What I don't understand is you are having all this work done to extend an already very large house :mrgreen: and yet you did not manage to sneak in a few improvements to your pokey workshop

Seems to me your priorities are all wrong. :lol: :lol: 

Or did someone put her foot down :shock:


----------



## Steve Maskery (30 Jan 2008)

Good q Lurker.
We're having it done becasue that flat roof was 20 years old an on its last legs. We didn't realize how far gone it was until they pulled it off, it practically fell down, we're lucky we've not had water ingress before.

So the options were to spend money putting on another flat roof, which would still look like a carbuncle, run a slope across between the two side rooves (but they are not quite the same slope so something would have to give, and it would mean changing the bedroom window anyway) or rebuild. And as we'd had the Water episode last summer, and the life of a roof like ours is about the age it is now, we decided to bite the bullet.

Yes it would have been nice to extend the workshop but that would mean taking up more of the garden and i don't think that that would have got past management. Anyway, this is taking all our money as it is (well, all J's money to be more accurate), an even bigger project would be out of the question.

BTW, I'm quite pleased with the way they are doing the job, so far so good. I'll be glad when it's done though.
Cheers
Steve


----------



## Racers (1 Feb 2008)

Hi, Steve

I know about flat roof problems ours leaked on to my speakers :evil: so I put a pitched roof on they let you sleep easer at night.

Pete


----------



## Steve Maskery (17 Apr 2008)

Well the end has dragged on and one. In fairness to the builder he got held up by the weather for a couple of weeks, then there were no hip tiles in the country (they made a batch specially for us - and they are still not the correct angle!) and finally he got held p by the lazy geezer who was supposed to be making the doors and windows...

But now it is all done and dusted, or at least dusty, the house if filthy and I'm already sick of painting and decorating and I've only done one room. But this is what it looks like now, and we are very pleased. I think it has been worth it. So we have gone from this:





to this:









I'm thinking of carving a big Green Man to hang on the brickwork. What do you reckon?


----------



## Racers (17 Apr 2008)

Hi, Steve

Cracking job looks like it has allways been there, nice job on the windows and doors to.

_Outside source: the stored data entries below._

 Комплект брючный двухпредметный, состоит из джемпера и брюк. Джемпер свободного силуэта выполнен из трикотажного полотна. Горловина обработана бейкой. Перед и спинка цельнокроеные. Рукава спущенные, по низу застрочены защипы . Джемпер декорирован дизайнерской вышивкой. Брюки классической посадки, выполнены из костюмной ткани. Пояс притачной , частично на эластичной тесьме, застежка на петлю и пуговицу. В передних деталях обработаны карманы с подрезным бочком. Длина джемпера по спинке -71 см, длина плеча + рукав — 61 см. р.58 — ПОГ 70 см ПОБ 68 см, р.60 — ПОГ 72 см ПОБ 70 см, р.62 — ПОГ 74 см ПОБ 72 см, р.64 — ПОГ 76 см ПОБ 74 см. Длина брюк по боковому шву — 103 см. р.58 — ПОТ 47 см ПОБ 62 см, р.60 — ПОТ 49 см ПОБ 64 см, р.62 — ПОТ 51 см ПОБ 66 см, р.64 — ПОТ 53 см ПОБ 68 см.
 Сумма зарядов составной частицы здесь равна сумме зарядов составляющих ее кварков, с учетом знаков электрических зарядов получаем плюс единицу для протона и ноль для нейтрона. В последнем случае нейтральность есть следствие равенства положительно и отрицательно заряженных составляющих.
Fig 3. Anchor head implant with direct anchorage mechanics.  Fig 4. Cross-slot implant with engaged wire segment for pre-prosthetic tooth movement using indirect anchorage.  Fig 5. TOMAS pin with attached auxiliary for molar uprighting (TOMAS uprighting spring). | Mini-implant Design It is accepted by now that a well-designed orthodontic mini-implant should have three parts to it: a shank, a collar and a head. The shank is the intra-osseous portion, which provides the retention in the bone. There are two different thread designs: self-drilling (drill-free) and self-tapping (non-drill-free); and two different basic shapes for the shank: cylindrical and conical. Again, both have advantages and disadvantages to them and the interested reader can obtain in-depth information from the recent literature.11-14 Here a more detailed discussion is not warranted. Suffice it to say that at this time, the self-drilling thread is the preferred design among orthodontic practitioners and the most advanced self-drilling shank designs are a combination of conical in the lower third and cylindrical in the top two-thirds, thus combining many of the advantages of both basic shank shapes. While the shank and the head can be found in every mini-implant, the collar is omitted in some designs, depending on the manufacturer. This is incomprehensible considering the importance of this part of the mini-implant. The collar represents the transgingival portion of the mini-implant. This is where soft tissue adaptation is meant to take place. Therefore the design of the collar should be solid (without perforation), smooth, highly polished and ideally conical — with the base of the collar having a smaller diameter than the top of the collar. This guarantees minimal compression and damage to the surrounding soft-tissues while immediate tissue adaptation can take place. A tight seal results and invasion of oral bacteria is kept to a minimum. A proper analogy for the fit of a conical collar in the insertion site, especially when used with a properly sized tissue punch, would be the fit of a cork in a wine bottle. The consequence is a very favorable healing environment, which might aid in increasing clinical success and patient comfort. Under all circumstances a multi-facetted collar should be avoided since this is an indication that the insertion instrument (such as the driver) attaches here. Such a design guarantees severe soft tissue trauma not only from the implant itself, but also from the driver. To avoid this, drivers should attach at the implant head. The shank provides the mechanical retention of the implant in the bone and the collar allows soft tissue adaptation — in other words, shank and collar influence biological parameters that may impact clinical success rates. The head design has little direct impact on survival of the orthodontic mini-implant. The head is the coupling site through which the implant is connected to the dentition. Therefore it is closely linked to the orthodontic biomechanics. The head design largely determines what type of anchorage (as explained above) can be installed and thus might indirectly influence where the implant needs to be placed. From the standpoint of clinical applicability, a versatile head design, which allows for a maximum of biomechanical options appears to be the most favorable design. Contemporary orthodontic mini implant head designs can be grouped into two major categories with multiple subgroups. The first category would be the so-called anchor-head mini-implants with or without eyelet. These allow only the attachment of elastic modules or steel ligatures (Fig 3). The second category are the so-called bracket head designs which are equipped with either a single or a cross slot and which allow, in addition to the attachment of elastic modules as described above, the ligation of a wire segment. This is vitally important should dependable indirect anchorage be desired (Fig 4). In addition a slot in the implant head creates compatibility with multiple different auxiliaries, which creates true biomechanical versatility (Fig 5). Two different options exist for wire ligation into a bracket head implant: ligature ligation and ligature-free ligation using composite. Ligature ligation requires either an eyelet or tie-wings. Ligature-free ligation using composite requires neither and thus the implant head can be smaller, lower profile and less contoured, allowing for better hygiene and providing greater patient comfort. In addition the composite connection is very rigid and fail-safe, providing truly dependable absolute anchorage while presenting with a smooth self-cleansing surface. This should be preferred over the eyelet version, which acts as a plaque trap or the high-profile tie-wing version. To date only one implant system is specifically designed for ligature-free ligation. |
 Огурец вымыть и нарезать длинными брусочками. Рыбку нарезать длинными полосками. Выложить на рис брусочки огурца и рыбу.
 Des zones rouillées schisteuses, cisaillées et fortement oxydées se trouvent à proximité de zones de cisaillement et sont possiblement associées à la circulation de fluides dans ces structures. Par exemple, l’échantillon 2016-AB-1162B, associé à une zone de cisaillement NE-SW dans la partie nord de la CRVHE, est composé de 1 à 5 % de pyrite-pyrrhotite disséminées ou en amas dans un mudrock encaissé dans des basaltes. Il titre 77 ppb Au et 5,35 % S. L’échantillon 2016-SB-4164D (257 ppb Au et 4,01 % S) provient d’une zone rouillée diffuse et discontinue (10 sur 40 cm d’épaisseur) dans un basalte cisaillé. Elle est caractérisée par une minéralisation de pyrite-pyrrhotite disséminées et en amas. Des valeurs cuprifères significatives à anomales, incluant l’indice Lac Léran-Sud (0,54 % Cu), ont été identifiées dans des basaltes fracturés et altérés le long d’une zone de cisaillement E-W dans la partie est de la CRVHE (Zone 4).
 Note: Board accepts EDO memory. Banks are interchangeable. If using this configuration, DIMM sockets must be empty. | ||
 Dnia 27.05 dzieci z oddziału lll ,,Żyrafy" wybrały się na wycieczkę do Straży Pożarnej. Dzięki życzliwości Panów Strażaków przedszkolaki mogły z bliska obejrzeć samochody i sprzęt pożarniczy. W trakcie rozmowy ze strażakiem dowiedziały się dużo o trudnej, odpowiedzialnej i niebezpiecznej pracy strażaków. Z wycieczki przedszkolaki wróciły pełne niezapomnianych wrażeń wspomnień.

Should give us more room for this years bash :wink: 


Pete


----------



## Paul Chapman (17 Apr 2008)

Very nice, Steve.

Cheers :wink: 

Paul


----------



## CNC Paul (17 Apr 2008)

Hey Steve,

Very nice job, extremely posh TWO back doors....are they His & Hers  


Paul


----------



## lurker (18 Apr 2008)

Pete,

You read my mind!!!

So........... Steve, how hard do we need to twist your arm???


----------



## Steve Maskery (18 Apr 2008)

Not this year, guys. The outside might be done, but inside it's a tip, and I think I'm going to be painting and decorating for a year! We are already in mid-April so June and July are just too soon. If we get to late summer and all is done, and folks are still interested in a last-minute affair, that might be a different matter.

Of course, if someone else wants to pick up the baton...

S


----------



## lurker (18 Apr 2008)

What about a longer "do" just at the hall you organised last time??
[-o< [-o< [-o< 


Last year, much as I enjoyed "part 2" it was "part 1" that was most memorable.


----------



## Racers (18 Apr 2008)

Hi,

I agree with Lurker it was a shame to leave the hall, some sandwiches and beer and then carry on plane fondling would be great.


Pete

Avalible for sandwich making.


----------



## Gordon T (19 Apr 2008)

Looks very impressive, good luck with the decorating,heh,heh

GT


----------



## NeilO (19 Apr 2008)

Steve M wrote:


> Of course, if someone else wants to pick up the baton...


Or, everyone attending picks up a paintbrush or roller... :lol: :lol:


----------



## SketchUp Guru (19 Apr 2008)

Steve, it has turned out quite nice. I'm glad to see pictures of it.

So, we are thinking of doing something like to our house. You're the expert. Will you come and make the windows and doors?


----------